• DATASET
——
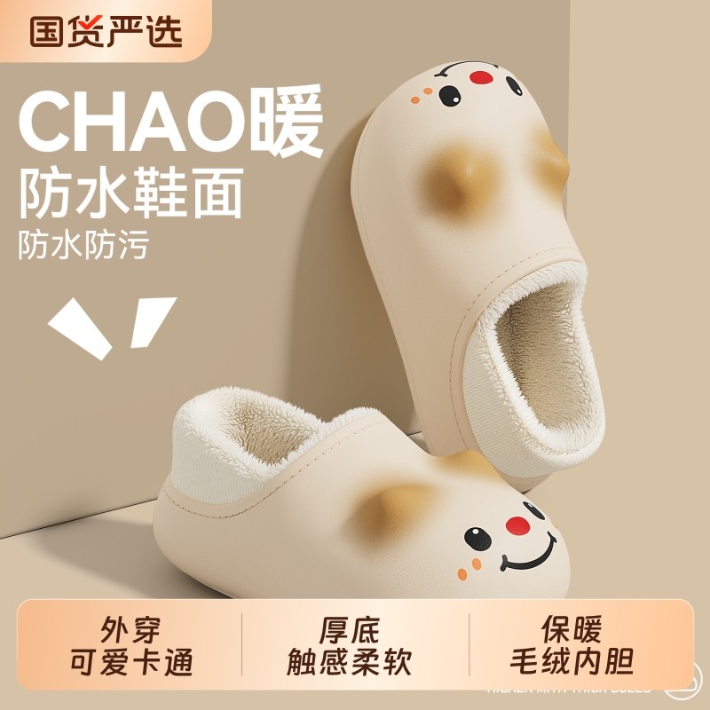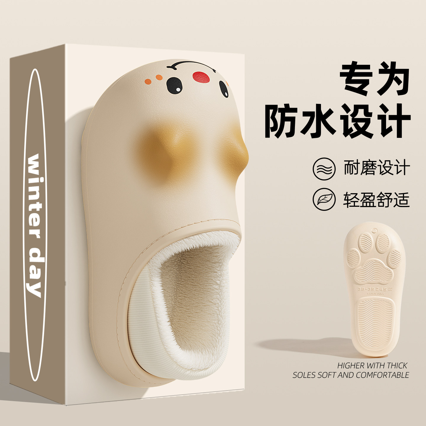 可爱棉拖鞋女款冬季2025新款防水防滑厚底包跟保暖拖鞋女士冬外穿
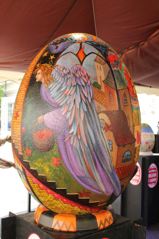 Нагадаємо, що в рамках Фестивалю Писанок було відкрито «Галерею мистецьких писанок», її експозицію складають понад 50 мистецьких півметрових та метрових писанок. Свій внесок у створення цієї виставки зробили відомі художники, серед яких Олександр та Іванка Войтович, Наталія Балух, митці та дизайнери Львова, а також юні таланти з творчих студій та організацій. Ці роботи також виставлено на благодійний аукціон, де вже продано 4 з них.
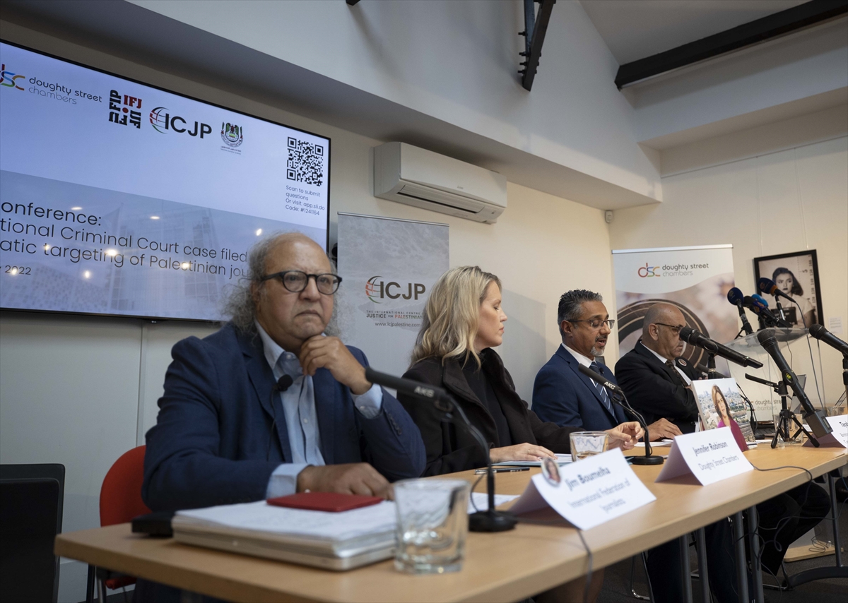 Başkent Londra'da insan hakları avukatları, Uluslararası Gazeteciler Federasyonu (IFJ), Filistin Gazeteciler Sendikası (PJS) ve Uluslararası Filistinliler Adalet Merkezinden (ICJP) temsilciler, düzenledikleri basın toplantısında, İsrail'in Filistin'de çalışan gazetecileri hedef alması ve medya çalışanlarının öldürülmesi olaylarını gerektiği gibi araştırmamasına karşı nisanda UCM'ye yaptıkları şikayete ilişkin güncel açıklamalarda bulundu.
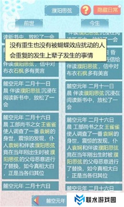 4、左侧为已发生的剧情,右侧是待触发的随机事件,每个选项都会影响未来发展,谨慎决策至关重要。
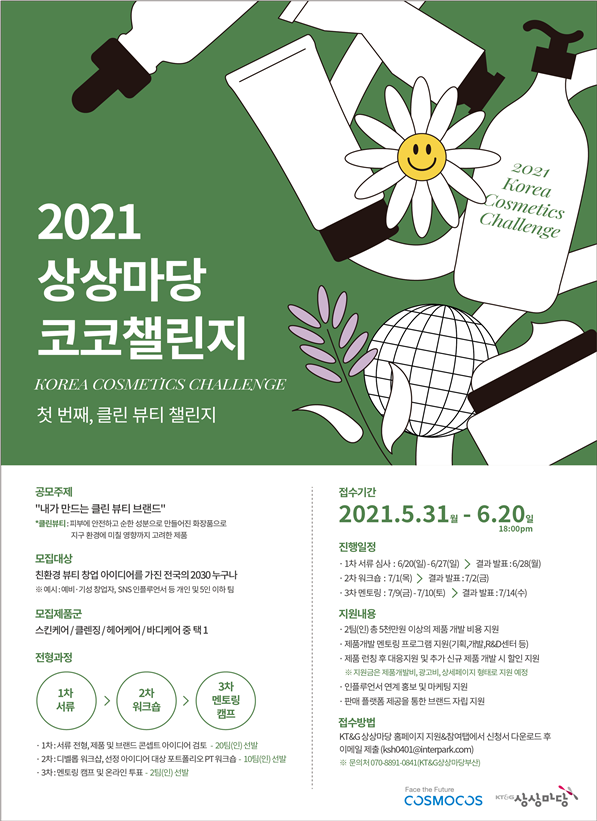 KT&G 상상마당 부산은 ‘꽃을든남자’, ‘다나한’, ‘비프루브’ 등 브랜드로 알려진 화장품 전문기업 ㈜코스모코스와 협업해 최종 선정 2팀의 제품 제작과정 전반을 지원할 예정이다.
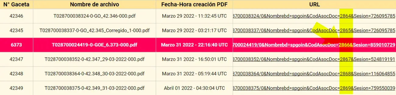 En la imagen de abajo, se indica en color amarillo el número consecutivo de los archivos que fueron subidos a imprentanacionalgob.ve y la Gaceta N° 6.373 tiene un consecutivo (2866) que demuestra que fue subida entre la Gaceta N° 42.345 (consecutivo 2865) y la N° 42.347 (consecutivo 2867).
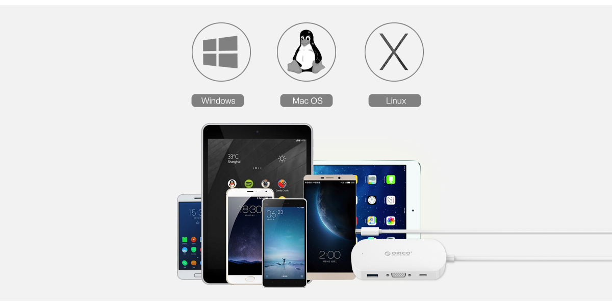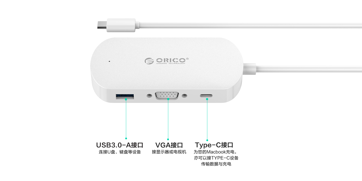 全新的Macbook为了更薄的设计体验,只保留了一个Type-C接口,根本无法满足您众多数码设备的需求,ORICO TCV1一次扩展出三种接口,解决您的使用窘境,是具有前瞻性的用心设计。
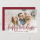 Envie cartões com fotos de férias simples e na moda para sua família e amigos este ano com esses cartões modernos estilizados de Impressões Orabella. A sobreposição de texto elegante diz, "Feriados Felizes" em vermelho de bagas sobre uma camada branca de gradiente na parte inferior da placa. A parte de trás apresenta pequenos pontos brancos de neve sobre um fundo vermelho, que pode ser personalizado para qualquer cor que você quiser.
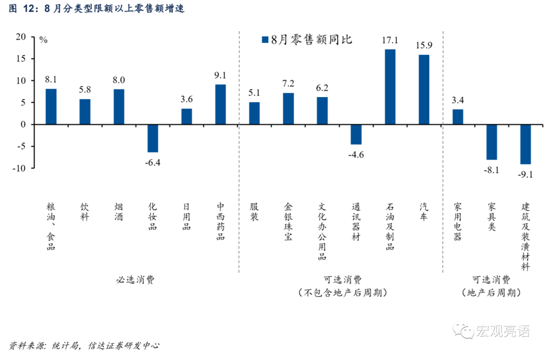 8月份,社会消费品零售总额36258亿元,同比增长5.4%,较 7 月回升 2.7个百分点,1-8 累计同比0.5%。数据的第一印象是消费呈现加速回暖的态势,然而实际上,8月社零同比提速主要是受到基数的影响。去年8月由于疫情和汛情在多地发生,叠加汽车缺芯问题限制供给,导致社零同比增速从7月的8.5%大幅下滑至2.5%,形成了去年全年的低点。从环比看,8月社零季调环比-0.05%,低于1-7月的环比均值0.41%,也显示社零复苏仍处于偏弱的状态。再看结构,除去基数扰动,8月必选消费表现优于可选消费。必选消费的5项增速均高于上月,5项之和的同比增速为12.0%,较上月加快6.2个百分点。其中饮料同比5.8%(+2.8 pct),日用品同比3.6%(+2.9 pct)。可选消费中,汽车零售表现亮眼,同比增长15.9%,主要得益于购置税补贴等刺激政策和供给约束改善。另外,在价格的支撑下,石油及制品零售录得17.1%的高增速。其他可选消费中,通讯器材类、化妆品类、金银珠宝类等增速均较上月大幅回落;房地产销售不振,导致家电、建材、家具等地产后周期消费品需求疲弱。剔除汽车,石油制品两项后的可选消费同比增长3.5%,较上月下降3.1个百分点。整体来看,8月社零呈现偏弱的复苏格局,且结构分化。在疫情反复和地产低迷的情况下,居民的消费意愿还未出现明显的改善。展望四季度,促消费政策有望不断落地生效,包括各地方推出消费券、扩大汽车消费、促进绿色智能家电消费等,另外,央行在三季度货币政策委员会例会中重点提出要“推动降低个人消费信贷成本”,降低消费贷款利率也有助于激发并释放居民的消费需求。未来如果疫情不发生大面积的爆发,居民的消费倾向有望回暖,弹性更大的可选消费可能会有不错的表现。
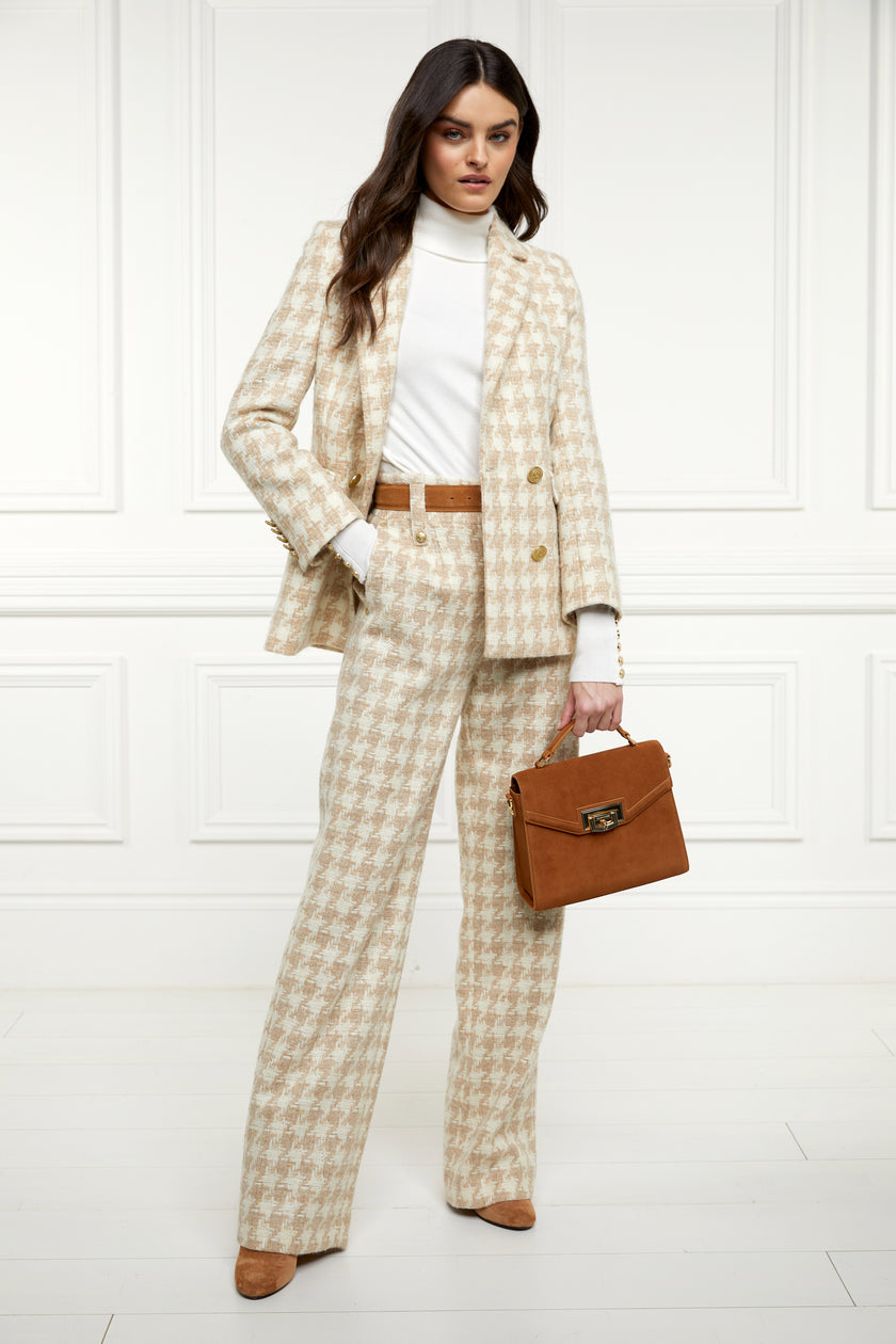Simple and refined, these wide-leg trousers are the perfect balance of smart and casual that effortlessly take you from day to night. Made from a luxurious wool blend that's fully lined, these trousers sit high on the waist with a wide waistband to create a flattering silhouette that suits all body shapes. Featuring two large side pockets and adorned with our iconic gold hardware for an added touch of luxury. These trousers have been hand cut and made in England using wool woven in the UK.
——
• YOUR INSTRUCTIONS
What you return must match the lines from the top of the data through the line with "KT&G 상상마당 부산은" exactly, with the pictures removed.

• ANSWER BOX
 可爱棉拖鞋女款冬季2025新款防水防滑厚底包跟保暖拖鞋女士冬外穿
 Нагадаємо, що в рамках Фестивалю Писанок було відкрито «Галерею мистецьких писанок», її експозицію складають понад 50 мистецьких півметрових та метрових писанок. Свій внесок у створення цієї виставки зробили відомі художники, серед яких Олександр та Іванка Войтович, Наталія Балух, митці та дизайнери Львова, а також юні таланти з творчих студій та організацій. Ці роботи також виставлено на благодійний аукціон, де вже продано 4 з них.
 Başkent Londra'da insan hakları avukatları, Uluslararası Gazeteciler Federasyonu (IFJ), Filistin Gazeteciler Sendikası (PJS) ve Uluslararası Filistinliler Adalet Merkezinden (ICJP) temsilciler, düzenledikleri basın toplantısında, İsrail'in Filistin'de çalışan gazetecileri hedef alması ve medya çalışanlarının öldürülmesi olaylarını gerektiği gibi araştırmamasına karşı nisanda UCM'ye yaptıkları şikayete ilişkin güncel açıklamalarda bulundu.
 4、左侧为已发生的剧情,右侧是待触发的随机事件,每个选项都会影响未来发展,谨慎决策至关重要。
 KT&G 상상마당 부산은 ‘꽃을든남자’, ‘다나한’, ‘비프루브’ 등 브랜드로 알려진 화장품 전문기업 ㈜코스모코스와 협업해 최종 선정 2팀의 제품 제작과정 전반을 지원할 예정이다.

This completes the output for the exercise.